Shopaholic Takes Manhattan

Page 53

“Let me see that,” says Luke, and plucks the paper from my hand before I can stop him.


“You do slightly have to read between the lines…” I add quickly.

“I see,” he says, gazing down at the horoscope page with a smile. “Yes, that would explain it. So, do you want to hear yours?”

“I’ve already—”

“ ‘Spend today exploring new surroundings,’ ” says Luke, as though reading. “ ‘Remember to hold your bag tightly to you and that over here it’s called a purse. Have a nice day — but don’t feel obliged to tell complete strangers to have one.’ ”

He smiles at me and I laugh. As he puts away the paper I take a sip of coffee and glance around the dining room at all the smart businessmen and groomed women sitting on luxurious striped chairs. Piano music is tinkling discreetly and I feel like I’m at the hub of some cosmopolitan, civilized world. At a nearby table a woman in black is talking about the First Lady’s wardrobe, and I listen eagerly until she gives me a look.

The First Lady. I mean, it sounds so much more impressive than “prime minister’s wife.”

“God, just think, Luke,” I say dreamily. “In a few weeks’ time, this will be our home city. We’ll be real New Yorkers!”

I’ll have to buy a few more black things before then, I find myself thinking. Everyone here seems to wear black…

“Becky—” says Luke. He puts down his paper — and suddenly he looks rather grave. “There’s something I’ve been meaning to say to you. Everything’s been such a rush, I haven’t had a chance — but it’s something I really think you need to hear.”

“OK,” I say apprehensively. “What is it?”

“It’s a big step, moving to a new city, especially a city as extreme as New York.
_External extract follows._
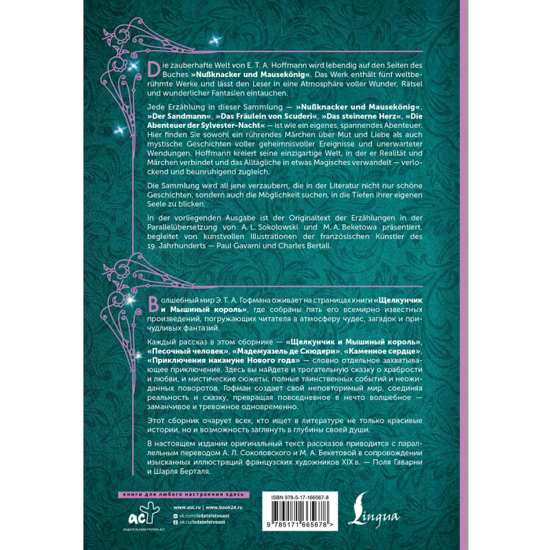 Сборник "Щелкунчик и Мышиный король" приглашает читателя в волшебный мир Э. Т. А. Гофмана. На страницах книги оживают поистине чарующие и загадочные сюжеты. Пять всемирно известных произведений – "Щелкунчик и Мышиный король", "Песочный человек", "Мадемуазель де Скюдери", "Каменное сердце", "Приключения накануне Нового года" – переносят в мир, где граница между реальностью и чудесами едва различима.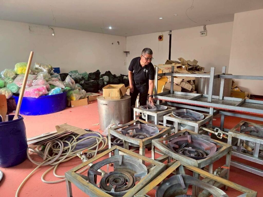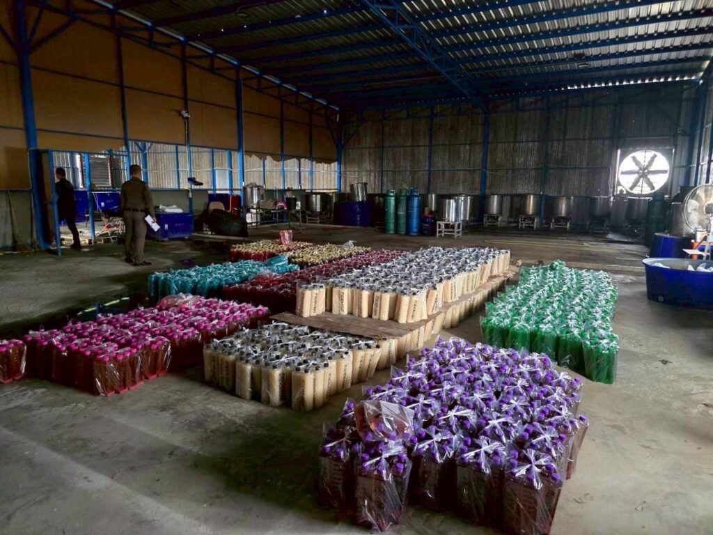 โดยกลุ่มเครือข่ายผู้กระทำความผิด จะนำส่วนผสม วัตถุดิบ และบรรจุภัณฑ์จากสถานที่ต่างๆ มาผลิต จัดเก็บ และบรรจุในโกดังในพื้นที่ จ.สมุทรปราการ และพื้นที่ใกล้เคียง ซึ่งจะเปลี่ยนสถานที่ในการผลิตไปเรื่อยๆ เพื่อให้ยากแก่การตรวจสอบของเจ้าหน้าที่ตำรวจ

It’s not the same as London…”

“I know,” I nod. “You have to have your nails done.”

Luke gives a puzzled frown before carrying on: “I’ve been here many times — and even I find it overwhelming at times. The sheer pressure and pace of life here is, frankly, on another level from London.”

“Right. So — what are you saying?”

“I’m saying I think you should take it slow. Don’t expect to fit in straight away. You may well find it a bit of a shock to begin with.”

I stare at him, discomfited.

“Don’t you think I’ll be able to stand the pace?”

“I’m not saying that,” says Luke. “I’m just saying — get to know the city gradually. Get the feel of it; see if you can really see yourself living here. You may hate it! You may decide you can’t possibly move here. Of course, I very much hope you don’t — but it’s worth keeping an open mind.”

“Right,” I say slowly. “I see.”

“So just see how today goes — and we’ll talk some more this evening. OK?”

“OK,” I say, and drain my coffee thoughtfully.

I’ll show Luke I can fit into this city. I’ll show him I can be a true New Yorker. I’ll go to the gym, and then I’ll eat a bagel, and then I’ll… shoot someone, maybe?

Or maybe just the gym will be enough.

I’m actually quite looking forward to doing a workout, because I bought this fab DKNY exercise outfit in the sales last year, and this is the first time I’ve had the chance to wear it! I did mean to join a gym, in fact I even went and got a registration pack from Holmes Place in Fulham. But then I read this really interesting article which said you could lose loads of weight just by fidgeting. Just by twitching your fingers and stuff! So I thought I’d go for that method instead, and spend the money I saved on a new dress.

But it’s not that I don’t like exercise or anything. And if I’m going to live in New York, I’ll have to go to the gym every day. I mean, it’s the law or something. So this is a good way to acclimatize.

As I reach the entrance to the fitness center I glance at my reflection — and I’m secretly quite impressed. They say people in New York are all pencil thin and fit, don’t they? But I reckon I look much fitter than some of these characters. I mean, look at that balding guy over there in the gray T-shirt. He looks like he’s never been near a gym in his life!

“Hi there,” says a voice. I look up and see a muscular guy in trendy black Lycra coming toward me. “I’m Tony. How are you today?”

“I’m fine, thanks,” I say, and casually do a little hamstring stretch. (At least, I think it’s my hamstring. The one in your leg.) “Just here for a workout.”